### [How to complete this task]
Please reproduce every entry below without omitting a single line.

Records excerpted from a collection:
════════════════════

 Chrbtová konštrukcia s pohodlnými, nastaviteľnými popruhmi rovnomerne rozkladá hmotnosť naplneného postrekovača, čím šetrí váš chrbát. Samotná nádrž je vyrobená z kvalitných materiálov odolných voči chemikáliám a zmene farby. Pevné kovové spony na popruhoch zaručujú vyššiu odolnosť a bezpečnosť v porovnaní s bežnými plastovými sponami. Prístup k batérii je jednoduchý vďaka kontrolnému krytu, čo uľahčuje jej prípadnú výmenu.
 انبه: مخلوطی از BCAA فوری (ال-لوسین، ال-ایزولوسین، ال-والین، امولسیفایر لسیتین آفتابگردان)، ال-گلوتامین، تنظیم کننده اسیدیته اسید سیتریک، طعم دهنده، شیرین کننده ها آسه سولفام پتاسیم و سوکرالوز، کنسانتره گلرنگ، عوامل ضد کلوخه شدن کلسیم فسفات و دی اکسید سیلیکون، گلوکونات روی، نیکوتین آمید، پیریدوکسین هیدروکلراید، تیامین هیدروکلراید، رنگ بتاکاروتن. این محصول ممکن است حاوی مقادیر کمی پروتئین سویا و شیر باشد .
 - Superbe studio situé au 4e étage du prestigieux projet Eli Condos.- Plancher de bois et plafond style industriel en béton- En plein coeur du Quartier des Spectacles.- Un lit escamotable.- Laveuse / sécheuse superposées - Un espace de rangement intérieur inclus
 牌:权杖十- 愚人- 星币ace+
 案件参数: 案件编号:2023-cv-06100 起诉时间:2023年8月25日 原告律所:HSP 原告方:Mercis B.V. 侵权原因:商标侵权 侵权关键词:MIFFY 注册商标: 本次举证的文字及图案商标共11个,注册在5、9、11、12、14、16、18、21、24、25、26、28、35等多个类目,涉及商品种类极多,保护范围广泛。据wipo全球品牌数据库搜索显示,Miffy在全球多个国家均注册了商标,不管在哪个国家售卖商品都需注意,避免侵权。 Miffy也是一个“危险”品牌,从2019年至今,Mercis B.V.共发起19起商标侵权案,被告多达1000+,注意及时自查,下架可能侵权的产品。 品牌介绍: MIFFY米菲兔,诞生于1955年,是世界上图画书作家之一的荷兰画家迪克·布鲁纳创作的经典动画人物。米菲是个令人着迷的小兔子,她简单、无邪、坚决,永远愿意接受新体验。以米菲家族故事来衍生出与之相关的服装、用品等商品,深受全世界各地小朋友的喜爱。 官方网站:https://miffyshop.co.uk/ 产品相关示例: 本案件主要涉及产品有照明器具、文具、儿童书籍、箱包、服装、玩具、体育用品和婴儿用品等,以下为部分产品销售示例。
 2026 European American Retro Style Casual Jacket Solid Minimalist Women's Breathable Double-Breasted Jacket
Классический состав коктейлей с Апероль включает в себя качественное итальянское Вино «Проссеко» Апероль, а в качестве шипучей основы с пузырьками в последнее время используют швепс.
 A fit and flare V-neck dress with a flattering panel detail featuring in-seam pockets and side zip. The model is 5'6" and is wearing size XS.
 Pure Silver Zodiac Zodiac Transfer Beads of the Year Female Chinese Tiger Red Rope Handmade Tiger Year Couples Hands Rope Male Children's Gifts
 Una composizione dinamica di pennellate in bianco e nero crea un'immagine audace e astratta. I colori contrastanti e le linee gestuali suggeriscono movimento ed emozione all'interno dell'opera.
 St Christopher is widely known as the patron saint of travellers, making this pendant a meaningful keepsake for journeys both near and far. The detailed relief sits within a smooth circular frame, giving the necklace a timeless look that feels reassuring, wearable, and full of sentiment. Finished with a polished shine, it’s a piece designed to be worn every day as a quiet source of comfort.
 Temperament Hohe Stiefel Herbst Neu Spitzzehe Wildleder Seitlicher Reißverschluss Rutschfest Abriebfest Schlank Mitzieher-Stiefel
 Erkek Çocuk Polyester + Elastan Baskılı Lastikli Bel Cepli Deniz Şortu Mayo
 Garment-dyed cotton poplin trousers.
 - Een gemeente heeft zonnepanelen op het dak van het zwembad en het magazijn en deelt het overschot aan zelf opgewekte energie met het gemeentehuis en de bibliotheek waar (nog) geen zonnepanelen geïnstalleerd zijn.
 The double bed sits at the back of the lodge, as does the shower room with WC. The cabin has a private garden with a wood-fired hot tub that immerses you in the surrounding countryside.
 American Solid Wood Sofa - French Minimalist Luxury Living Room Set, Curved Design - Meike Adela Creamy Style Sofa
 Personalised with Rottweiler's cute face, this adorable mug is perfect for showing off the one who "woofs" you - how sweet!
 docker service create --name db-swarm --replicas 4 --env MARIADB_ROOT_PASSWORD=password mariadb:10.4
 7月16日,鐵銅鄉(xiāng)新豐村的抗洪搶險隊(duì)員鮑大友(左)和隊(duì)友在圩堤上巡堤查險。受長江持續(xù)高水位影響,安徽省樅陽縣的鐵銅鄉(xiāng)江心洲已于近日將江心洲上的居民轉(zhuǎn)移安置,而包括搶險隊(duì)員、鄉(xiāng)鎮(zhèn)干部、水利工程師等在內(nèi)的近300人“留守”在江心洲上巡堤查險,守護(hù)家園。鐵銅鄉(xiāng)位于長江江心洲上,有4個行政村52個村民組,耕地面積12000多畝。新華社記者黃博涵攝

════════════════════

### [The answer]
 Chrbtová konštrukcia s pohodlnými, nastaviteľnými popruhmi rovnomerne rozkladá hmotnosť naplneného postrekovača, čím šetrí váš chrbát. Samotná nádrž je vyrobená z kvalitných materiálov odolných voči chemikáliám a zmene farby. Pevné kovové spony na popruhoch zaručujú vyššiu odolnosť a bezpečnosť v porovnaní s bežnými plastovými sponami. Prístup k batérii je jednoduchý vďaka kontrolnému krytu, čo uľahčuje jej prípadnú výmenu.
 انبه: مخلوطی از BCAA فوری (ال-لوسین، ال-ایزولوسین، ال-والین، امولسیفایر لسیتین آفتابگردان)، ال-گلوتامین، تنظیم کننده اسیدیته اسید سیتریک، طعم دهنده، شیرین کننده ها آسه سولفام پتاسیم و سوکرالوز، کنسانتره گلرنگ، عوامل ضد کلوخه شدن کلسیم فسفات و دی اکسید سیلیکون، گلوکونات روی، نیکوتین آمید، پیریدوکسین هیدروکلراید، تیامین هیدروکلراید، رنگ بتاکاروتن. این محصول ممکن است حاوی مقادیر کمی پروتئین سویا و شیر باشد .
 - Superbe studio situé au 4e étage du prestigieux projet Eli Condos.- Plancher de bois et plafond style industriel en béton- En plein coeur du Quartier des Spectacles.- Un lit escamotable.- Laveuse / sécheuse superposées - Un espace de rangement intérieur inclus
 牌:权杖十- 愚人- 星币ace+
 案件参数: 案件编号:2023-cv-06100 起诉时间:2023年8月25日 原告律所:HSP 原告方:Mercis B.V. 侵权原因:商标侵权 侵权关键词:MIFFY 注册商标: 本次举证的文字及图案商标共11个,注册在5、9、11、12、14、16、18、21、24、25、26、28、35等多个类目,涉及商品种类极多,保护范围广泛。据wipo全球品牌数据库搜索显示,Miffy在全球多个国家均注册了商标,不管在哪个国家售卖商品都需注意,避免侵权。 Miffy也是一个“危险”品牌,从2019年至今,Mercis B.V.共发起19起商标侵权案,被告多达1000+,注意及时自查,下架可能侵权的产品。 品牌介绍: MIFFY米菲兔,诞生于1955年,是世界上图画书作家之一的荷兰画家迪克·布鲁纳创作的经典动画人物。米菲是个令人着迷的小兔子,她简单、无邪、坚决,永远愿意接受新体验。以米菲家族故事来衍生出与之相关的服装、用品等商品,深受全世界各地小朋友的喜爱。 官方网站:https://miffyshop.co.uk/ 产品相关示例: 本案件主要涉及产品有照明器具、文具、儿童书籍、箱包、服装、玩具、体育用品和婴儿用品等,以下为部分产品销售示例。
 2026 European American Retro Style Casual Jacket Solid Minimalist Women's Breathable Double-Breasted Jacket
Классический состав коктейлей с Апероль включает в себя качественное итальянское Вино «Проссеко» Апероль, а в качестве шипучей основы с пузырьками в последнее время используют швепс.
 A fit and flare V-neck dress with a flattering panel detail featuring in-seam pockets and side zip. The model is 5'6" and is wearing size XS.
 Pure Silver Zodiac Zodiac Transfer Beads of the Year Female Chinese Tiger Red Rope Handmade Tiger Year Couples Hands Rope Male Children's Gifts
 Una composizione dinamica di pennellate in bianco e nero crea un'immagine audace e astratta. I colori contrastanti e le linee gestuali suggeriscono movimento ed emozione all'interno dell'opera.
 St Christopher is widely known as the patron saint of travellers, making this pendant a meaningful keepsake for journeys both near and far. The detailed relief sits within a smooth circular frame, giving the necklace a timeless look that feels reassuring, wearable, and full of sentiment. Finished with a polished shine, it’s a piece designed to be worn every day as a quiet source of comfort.
 Temperament Hohe Stiefel Herbst Neu Spitzzehe Wildleder Seitlicher Reißverschluss Rutschfest Abriebfest Schlank Mitzieher-Stiefel
 Erkek Çocuk Polyester + Elastan Baskılı Lastikli Bel Cepli Deniz Şortu Mayo
 Garment-dyed cotton poplin trousers.
 - Een gemeente heeft zonnepanelen op het dak van het zwembad en het magazijn en deelt het overschot aan zelf opgewekte energie met het gemeentehuis en de bibliotheek waar (nog) geen zonnepanelen geïnstalleerd zijn.
 The double bed sits at the back of the lodge, as does the shower room with WC. The cabin has a private garden with a wood-fired hot tub that immerses you in the surrounding countryside.
 American Solid Wood Sofa - French Minimalist Luxury Living Room Set, Curved Design - Meike Adela Creamy Style Sofa
 Personalised with Rottweiler's cute face, this adorable mug is perfect for showing off the one who "woofs" you - how sweet!
 docker service create --name db-swarm --replicas 4 --env MARIADB_ROOT_PASSWORD=password mariadb:10.4
 7月16日,鐵銅鄉(xiāng)新豐村的抗洪搶險隊(duì)員鮑大友(左)和隊(duì)友在圩堤上巡堤查險。受長江持續(xù)高水位影響,安徽省樅陽縣的鐵銅鄉(xiāng)江心洲已于近日將江心洲上的居民轉(zhuǎn)移安置,而包括搶險隊(duì)員、鄉(xiāng)鎮(zhèn)干部、水利工程師等在內(nèi)的近300人“留守”在江心洲上巡堤查險,守護(hù)家園。鐵銅鄉(xiāng)位于長江江心洲上,有4個行政村52個村民組,耕地面積12000多畝。新華社記者黃博涵攝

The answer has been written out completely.